What you should do: From the first line to the last, retype the records exactly without their images.

Dataset excerpts:
........
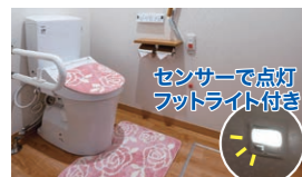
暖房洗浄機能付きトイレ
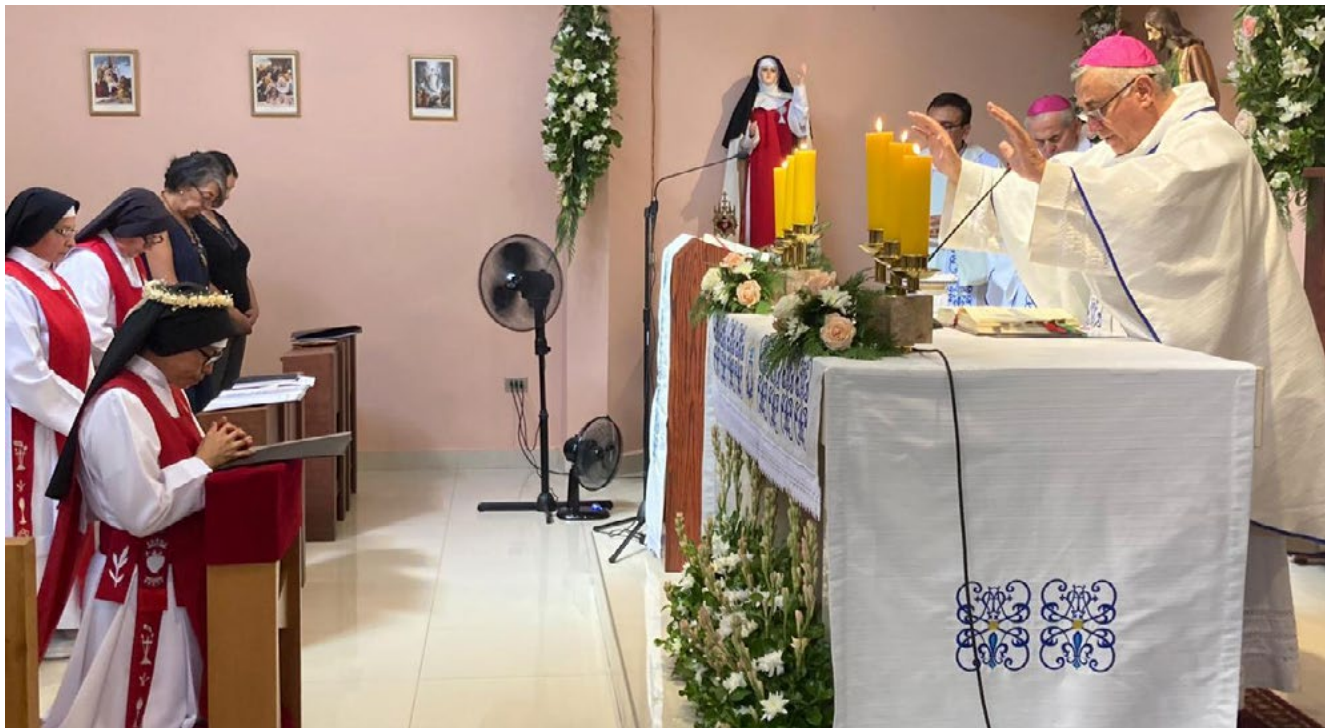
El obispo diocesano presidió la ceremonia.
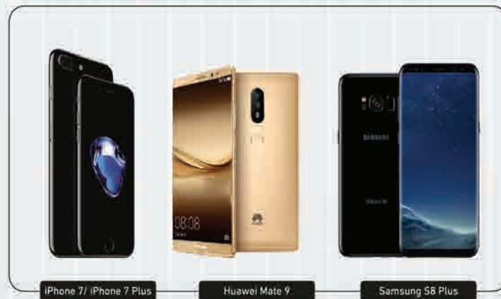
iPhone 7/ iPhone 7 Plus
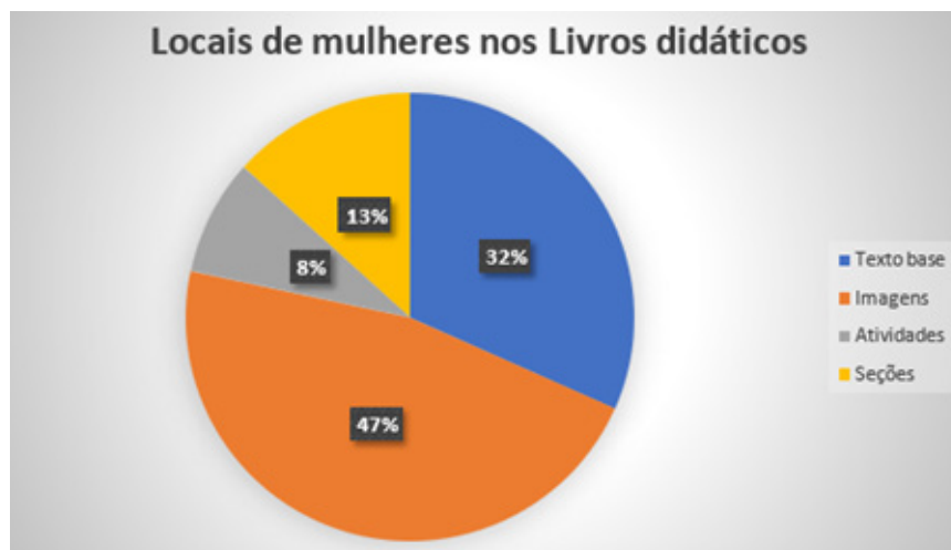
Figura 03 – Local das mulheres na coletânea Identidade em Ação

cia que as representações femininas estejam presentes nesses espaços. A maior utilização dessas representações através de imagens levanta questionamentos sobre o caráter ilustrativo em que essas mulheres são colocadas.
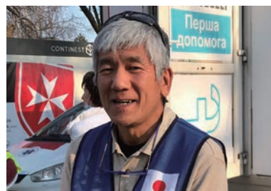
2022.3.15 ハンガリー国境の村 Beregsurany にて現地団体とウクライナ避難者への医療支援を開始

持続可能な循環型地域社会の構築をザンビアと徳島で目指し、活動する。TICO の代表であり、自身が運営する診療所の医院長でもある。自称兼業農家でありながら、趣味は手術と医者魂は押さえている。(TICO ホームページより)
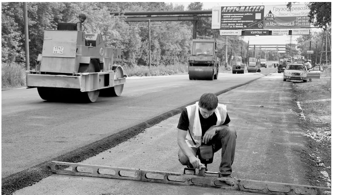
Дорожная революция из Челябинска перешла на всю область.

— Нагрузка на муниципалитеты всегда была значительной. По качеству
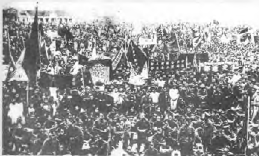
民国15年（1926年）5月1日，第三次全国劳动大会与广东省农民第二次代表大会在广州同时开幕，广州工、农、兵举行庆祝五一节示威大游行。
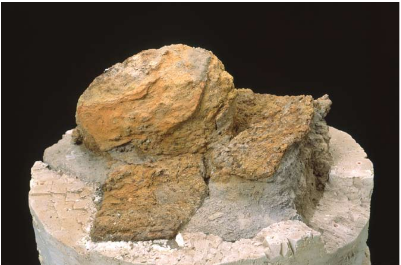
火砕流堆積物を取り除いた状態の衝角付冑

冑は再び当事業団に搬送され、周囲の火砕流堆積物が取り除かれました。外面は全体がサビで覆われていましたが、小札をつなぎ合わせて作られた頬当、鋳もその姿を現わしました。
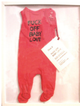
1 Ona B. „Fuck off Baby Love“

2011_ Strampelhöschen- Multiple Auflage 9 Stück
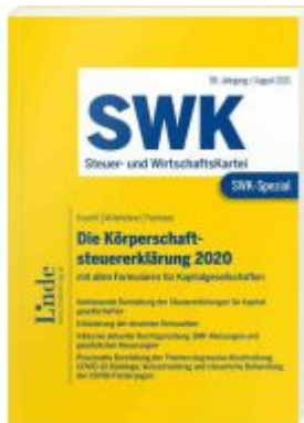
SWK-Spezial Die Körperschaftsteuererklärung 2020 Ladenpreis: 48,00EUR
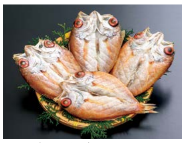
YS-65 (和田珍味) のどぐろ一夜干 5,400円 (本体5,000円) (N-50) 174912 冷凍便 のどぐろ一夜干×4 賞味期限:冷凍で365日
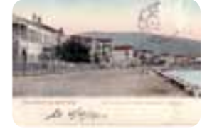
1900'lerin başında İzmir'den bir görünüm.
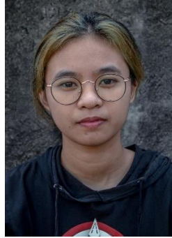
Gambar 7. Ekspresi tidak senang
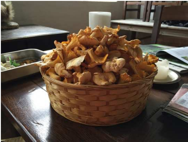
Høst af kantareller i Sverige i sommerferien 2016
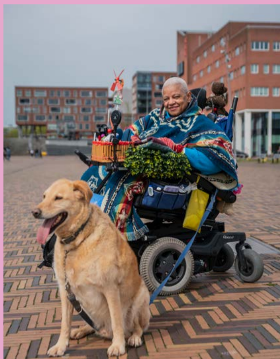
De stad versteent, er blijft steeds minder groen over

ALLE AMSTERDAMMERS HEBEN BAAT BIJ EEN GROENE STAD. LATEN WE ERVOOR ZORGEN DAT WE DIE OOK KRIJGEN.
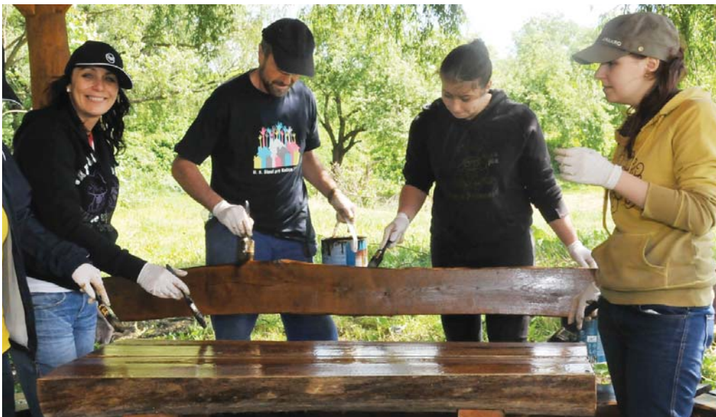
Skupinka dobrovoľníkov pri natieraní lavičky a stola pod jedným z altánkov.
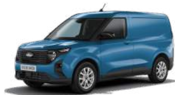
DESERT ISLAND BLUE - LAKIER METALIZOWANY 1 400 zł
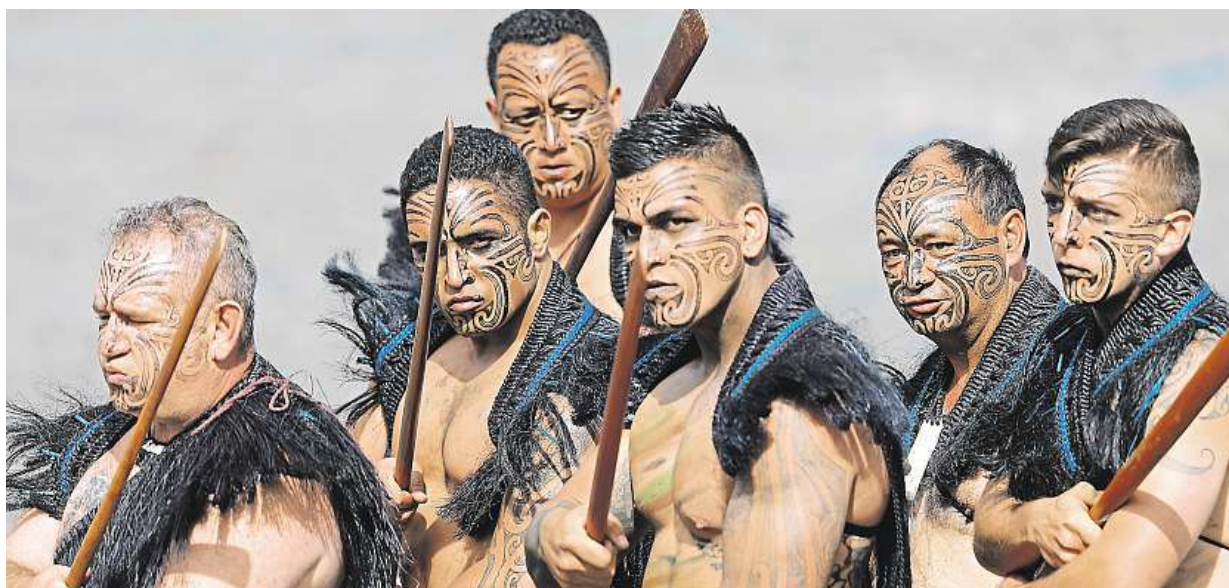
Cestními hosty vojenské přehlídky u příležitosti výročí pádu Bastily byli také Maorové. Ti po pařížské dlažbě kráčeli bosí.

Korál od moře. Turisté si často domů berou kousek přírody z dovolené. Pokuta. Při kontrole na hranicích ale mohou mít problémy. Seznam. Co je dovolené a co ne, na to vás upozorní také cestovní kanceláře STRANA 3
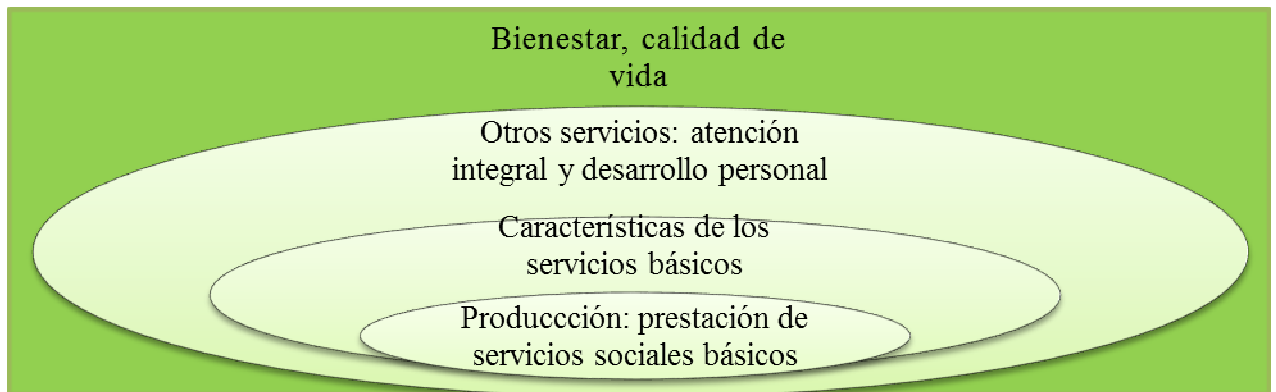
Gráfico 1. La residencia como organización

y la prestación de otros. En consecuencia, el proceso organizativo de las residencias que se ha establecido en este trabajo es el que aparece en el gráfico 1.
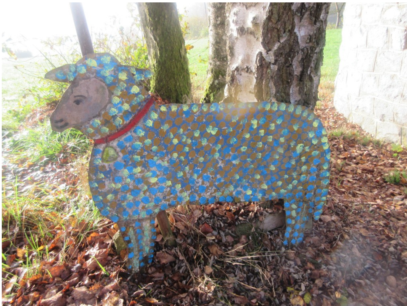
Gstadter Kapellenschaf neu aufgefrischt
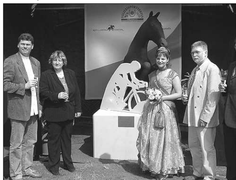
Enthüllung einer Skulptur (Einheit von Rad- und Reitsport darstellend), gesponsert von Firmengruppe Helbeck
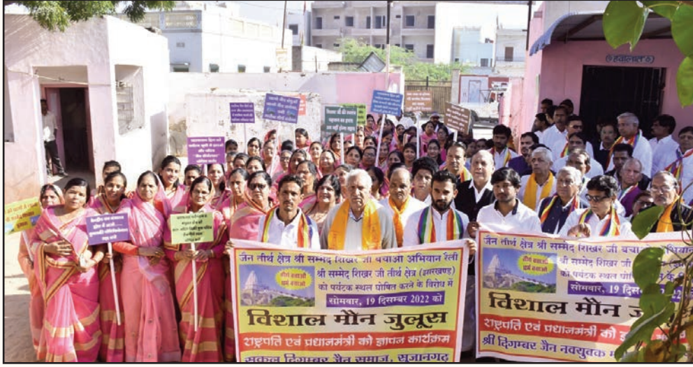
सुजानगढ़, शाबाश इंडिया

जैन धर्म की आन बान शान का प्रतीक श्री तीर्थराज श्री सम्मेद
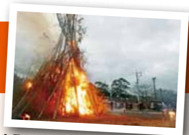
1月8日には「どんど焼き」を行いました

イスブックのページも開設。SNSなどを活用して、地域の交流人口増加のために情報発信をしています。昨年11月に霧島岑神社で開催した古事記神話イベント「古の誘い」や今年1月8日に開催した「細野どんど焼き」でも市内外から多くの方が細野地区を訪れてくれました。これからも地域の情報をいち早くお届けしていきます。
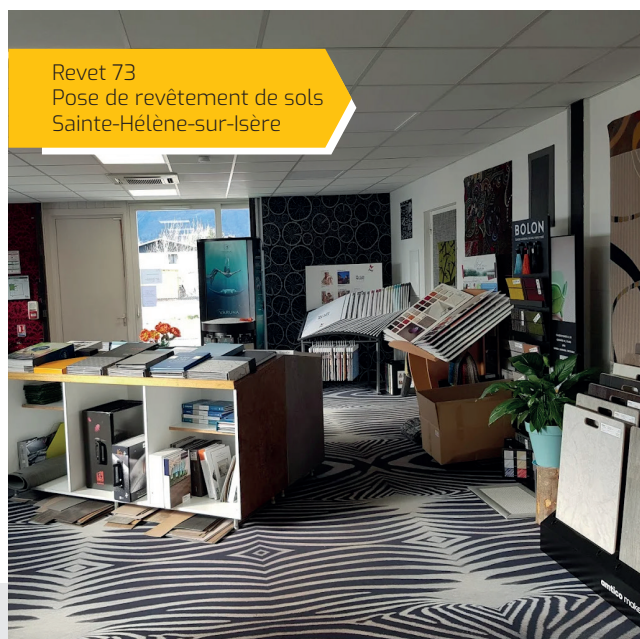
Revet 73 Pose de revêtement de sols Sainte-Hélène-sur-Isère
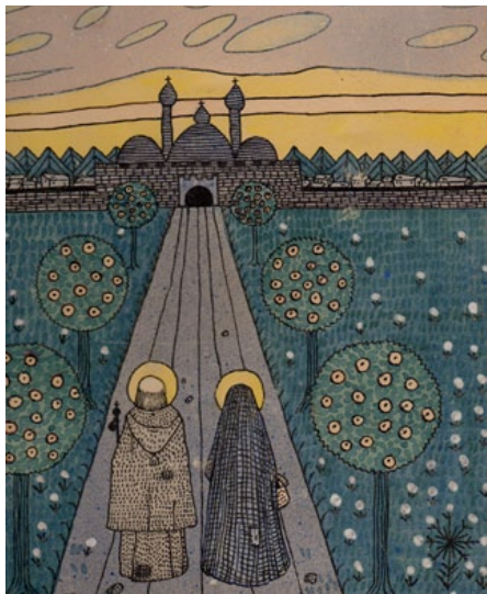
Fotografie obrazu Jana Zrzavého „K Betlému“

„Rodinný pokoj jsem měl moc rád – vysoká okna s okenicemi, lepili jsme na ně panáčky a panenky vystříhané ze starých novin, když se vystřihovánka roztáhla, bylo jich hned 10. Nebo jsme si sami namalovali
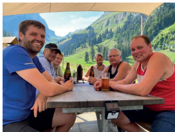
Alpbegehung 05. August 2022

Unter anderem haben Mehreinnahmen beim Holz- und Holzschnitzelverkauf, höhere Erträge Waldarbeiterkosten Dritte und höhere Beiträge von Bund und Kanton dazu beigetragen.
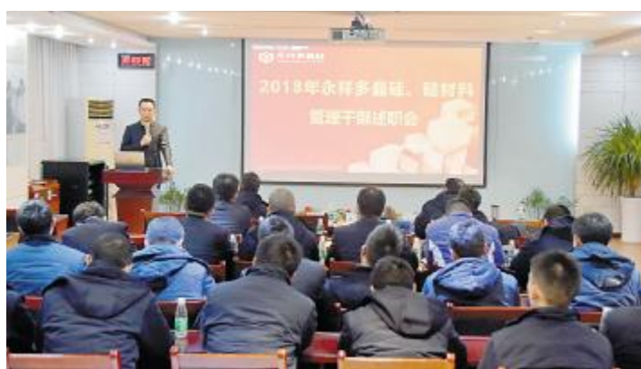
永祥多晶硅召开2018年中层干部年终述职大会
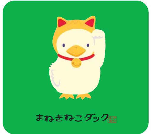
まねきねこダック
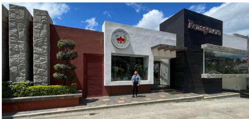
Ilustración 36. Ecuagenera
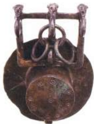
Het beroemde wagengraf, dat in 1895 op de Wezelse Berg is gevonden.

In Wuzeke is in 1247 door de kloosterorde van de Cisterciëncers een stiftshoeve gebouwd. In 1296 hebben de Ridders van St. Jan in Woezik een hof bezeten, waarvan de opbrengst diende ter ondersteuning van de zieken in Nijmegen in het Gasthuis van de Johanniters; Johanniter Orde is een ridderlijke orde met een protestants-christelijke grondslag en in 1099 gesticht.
........
Task solution:
暖房洗浄機能付きトイレ
El obispo diocesano presidió la ceremonia.
iPhone 7/ iPhone 7 Plus
Figura 03 – Local das mulheres na coletânea Identidade em Ação

cia que as representações femininas estejam presentes nesses espaços. A maior utilização dessas representações através de imagens levanta questionamentos sobre o caráter ilustrativo em que essas mulheres são colocadas.
2022.3.15 ハンガリー国境の村 Beregsurany にて現地団体とウクライナ避難者への医療支援を開始

持続可能な循環型地域社会の構築をザンビアと徳島で目指し、活動する。TICO の代表であり、自身が運営する診療所の医院長でもある。自称兼業農家でありながら、趣味は手術と医者魂は押さえている。(TICO ホームページより)
Дорожная революция из Челябинска перешла на всю область.

— Нагрузка на муниципалитеты всегда была значительной. По качеству
民国15年（1926年）5月1日，第三次全国劳动大会与广东省农民第二次代表大会在广州同时开幕，广州工、农、兵举行庆祝五一节示威大游行。
火砕流堆積物を取り除いた状態の衝角付冑

冑は再び当事業団に搬送され、周囲の火砕流堆積物が取り除かれました。外面は全体がサビで覆われていましたが、小札をつなぎ合わせて作られた頬当、鋳もその姿を現わしました。
1 Ona B. „Fuck off Baby Love“

2011_ Strampelhöschen- Multiple Auflage 9 Stück
SWK-Spezial Die Körperschaftsteuererklärung 2020 Ladenpreis: 48,00EUR
YS-65 (和田珍味) のどぐろ一夜干 5,400円 (本体5,000円) (N-50) 174912 冷凍便 のどぐろ一夜干×4 賞味期限:冷凍で365日
1900'lerin başında İzmir'den bir görünüm.
Gambar 7. Ekspresi tidak senang
Høst af kantareller i Sverige i sommerferien 2016
De stad versteent, er blijft steeds minder groen over

ALLE AMSTERDAMMERS HEBEN BAAT BIJ EEN GROENE STAD. LATEN WE ERVOOR ZORGEN DAT WE DIE OOK KRIJGEN.
Skupinka dobrovoľníkov pri natieraní lavičky a stola pod jedným z altánkov.
DESERT ISLAND BLUE - LAKIER METALIZOWANY 1 400 zł
Cestními hosty vojenské přehlídky u příležitosti výročí pádu Bastily byli také Maorové. Ti po pařížské dlažbě kráčeli bosí.

Korál od moře. Turisté si často domů berou kousek přírody z dovolené. Pokuta. Při kontrole na hranicích ale mohou mít problémy. Seznam. Co je dovolené a co ne, na to vás upozorní také cestovní kanceláře STRANA 3
Gráfico 1. La residencia como organización

y la prestación de otros. En consecuencia, el proceso organizativo de las residencias que se ha establecido en este trabajo es el que aparece en el gráfico 1.
Gstadter Kapellenschaf neu aufgefrischt
Enthüllung einer Skulptur (Einheit von Rad- und Reitsport darstellend), gesponsert von Firmengruppe Helbeck
सुजानगढ़, शाबाश इंडिया

जैन धर्म की आन बान शान का प्रतीक श्री तीर्थराज श्री सम्मेद
1月8日には「どんど焼き」を行いました

イスブックのページも開設。SNSなどを活用して、地域の交流人口増加のために情報発信をしています。昨年11月に霧島岑神社で開催した古事記神話イベント「古の誘い」や今年1月8日に開催した「細野どんど焼き」でも市内外から多くの方が細野地区を訪れてくれました。これからも地域の情報をいち早くお届けしていきます。
Revet 73 Pose de revêtement de sols Sainte-Hélène-sur-Isère
Fotografie obrazu Jana Zrzavého „K Betlému“

„Rodinný pokoj jsem měl moc rád – vysoká okna s okenicemi, lepili jsme na ně panáčky a panenky vystříhané ze starých novin, když se vystřihovánka roztáhla, bylo jich hned 10. Nebo jsme si sami namalovali
Alpbegehung 05. August 2022

Unter anderem haben Mehreinnahmen beim Holz- und Holzschnitzelverkauf, höhere Erträge Waldarbeiterkosten Dritte und höhere Beiträge von Bund und Kanton dazu beigetragen.
永祥多晶硅召开2018年中层干部年终述职大会
まねきねこダック
Ilustración 36. Ecuagenera
Het beroemde wagengraf, dat in 1895 op de Wezelse Berg is gevonden.

In Wuzeke is in 1247 door de kloosterorde van de Cisterciëncers een stiftshoeve gebouwd. In 1296 hebben de Ridders van St. Jan in Woezik een hof bezeten, waarvan de opbrengst diende ter ondersteuning van de zieken in Nijmegen in het Gasthuis van de Johanniters; Johanniter Orde is een ridderlijke orde met een protestants-christelijke grondslag en in 1099 gesticht.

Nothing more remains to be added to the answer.